Ma il coronavirus ci fa (anche) respirare meglio. Traffico bloccato e in città c’è aria di campagna - QdS

Ma il coronavirus ci fa (anche) respirare meglio. Traffico bloccato e in città c’è aria di campagna

redazione

Ma il coronavirus ci fa (anche) respirare meglio. Traffico bloccato e in città c’è aria di campagna

giovedì 19 Marzo 2020

La pandemia, frutto anche di abusi ambientali, ci obbliga a mutare gli stili di vita che hanno portato al climate change

di Rosario Battiato e Antonio Leo

PALERMO – L’isolamento forzato, a cui in questi giorni sono costretti milioni di italiani per bloccare o quantomeno rallentare la diffusione del Coronavirus, sta portando con sé almeno un miglioramento evidente nella qualità delle nostre vite. È sotto gli occhi di tutti, ma sarebbe meglio dire sotto i nasi di ciascuno di noi, che l’aria che respiriamo è nettamente più pulita.

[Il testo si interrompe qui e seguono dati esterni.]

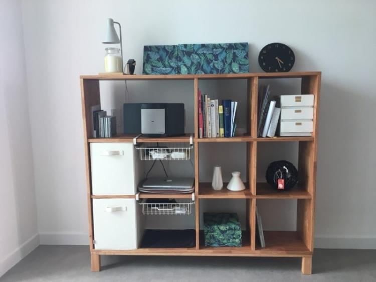 거실 티비자리에 책장을 두었습니다. 책은 물론 자질구레한 용품들을 바로 꺼맬 수 있게 보관하는 용도로 쓰고 있어요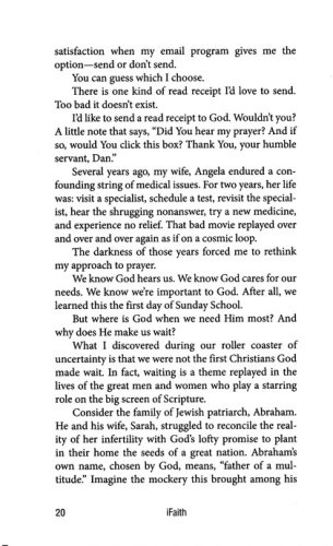 We re a generation raised on instant: Instant formula. Disposable diapers. Satellite TV. GPS navigation. Online check-in. Automatic everything. We re always plugged in and wired. We re accustomed to having answers at the snap of our fingers. We re used to being in control.How does this affect our communication with God? This is the question iFaith seeks to answer. What has life at warp speed done to our souls? Has faith been replaced with a false sense of security? Has the digital and technological revolution made us more impatient with the God who delights in making His people wait?iFaith is a unique look at prayer and faith in the twenty-first century, calling us back to a place of rest and silence and peace with God.

Girando per i centri urbani, liberati da migliaia di auto, sembra di stare in campagna e chi ha la fortuna di vivere vicino al mare, da casa propria, può sentire perfino quell’odore salmastro, ricco di iodio, che tanto bene fa ai polmoni e anche al nostro umore.

Non è soltanto una sensazione. Dopo settimane di restrizioni, zone rosse, chiusure di scuole e attività commerciali, l’inquinamento è decisamente calato. I livelli di biossido di azoto, un marcatore dell’aria cattiva, si sono ridotti come mostrano le immagini di Sentinel 5, satellite del programma europeo Copernicus, gestito da Commissione europea e Agenzia spaziale europea (Esa).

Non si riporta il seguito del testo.